We pretty much found ourselves in a low end trailer park, with long term residents and warning signs that the water causes bodily harm and birth defects, but hey, there was a pool! We did a quick load of laundry and decided to take our chances and have a shower, then were out of there by about 630 am the next morning.
We decided to head south to warmer weather and maybe some desert hikes. Did a little research as usual and found a place called “Red Rock Canyon State Park“ It looked stunning with massive cathedral like rock formations and it was only about an hour and a half away. Our 6:30 am wake up got us here at about 10:30 after gas, breakfast and the very important starbucks hunt, all the usual morning rituals. The reviews were right, it was absolutely breathtaking, the grandness of it all was so humbling, and the websites were right, it was dog friendly!IMG_3463

We chose to drive up Iron canyon and do the “Nightmare Gulch” trail, because well… one man’s nightmare is another man’s dream! It was the just the coolest, the paths made of sand and colourful rocks made it a bit tricky to walk on, but the views were perfect, the clay columns just towering over us. The dogs had a blast, did the usual tourist thing, took lots of photos and wandered around aimlessly, then about 2:30, we started to wonder if we knew where we were. We had been walking at that point for about 3 hours and had kind of gotten to a crossroads. We got to the highest peak and decided to have a look around, and after still not being able to see the van, the thought it was best just to go back the way we came. Seemed a bit safer than the unknown, seeing as how the sun would be setting soon, and we had seen a fairly large turantula on our walk. By this time Rubix was struggling. He was lagging behind quite a bit but was doing amazing for a 6.5 year old English bulldog.

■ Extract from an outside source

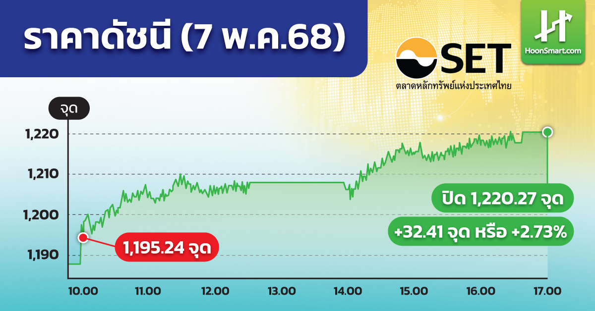 ตลาดหลักทรัพย์วันที่ 7 พ.ค.68 ดัชนีปิดสูงสุดของวันที่ระดับ 1,220.27 จุด เพิ่มขึ้น 32.41 จุด หรือ +2.73% มูลค่าซื้อขาย 53,984.70 ล้านบาท ดัชนีแตะสูงสุด 1,220.27 จุด ต่ำสุด 1,195.24 จุด
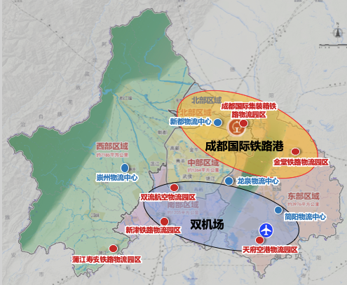 在城市南部建设以双机场为核心的航空大港区,实现空陆物流节点(天府空港物流园区、双流航空物流园区、新津铁路物流园区、简阳物流中心)一体化集群发展。

After about half an hour and carrying him part of the way so we could hurry up and race the sun back too the van, we decided to empty out the backpack and squeeze him in. He was a little reluctant at first, but after he realised what we were doing, he settled in and got quite comfortable in there. The chubby little fat man, hitching a free ride, all 50 pounds of him. Twenty minutes went by and we decided too let him walk after our arms were too sore from supporting the backpack,.It took a few minutes to get him out, I think he had gotten a little too used to being carried. He hatched out of his little sac and trudged along behind us, as we now knew where we were and the van wasn’t more than 600 meters away. He plodded along the rest of the way and trotted through the finish line, a trail of accomplishments.

I rewarded him with his dinner and water and a big fluffy bed, and he hasn’t moved since. Now we are cooking up a big chilli and drinking a couple beers to celebrate the awesome day. The sun is setting and tomorrow is another day.


Great off leash dog lake!

3 hour hike then almost got lost in the desert!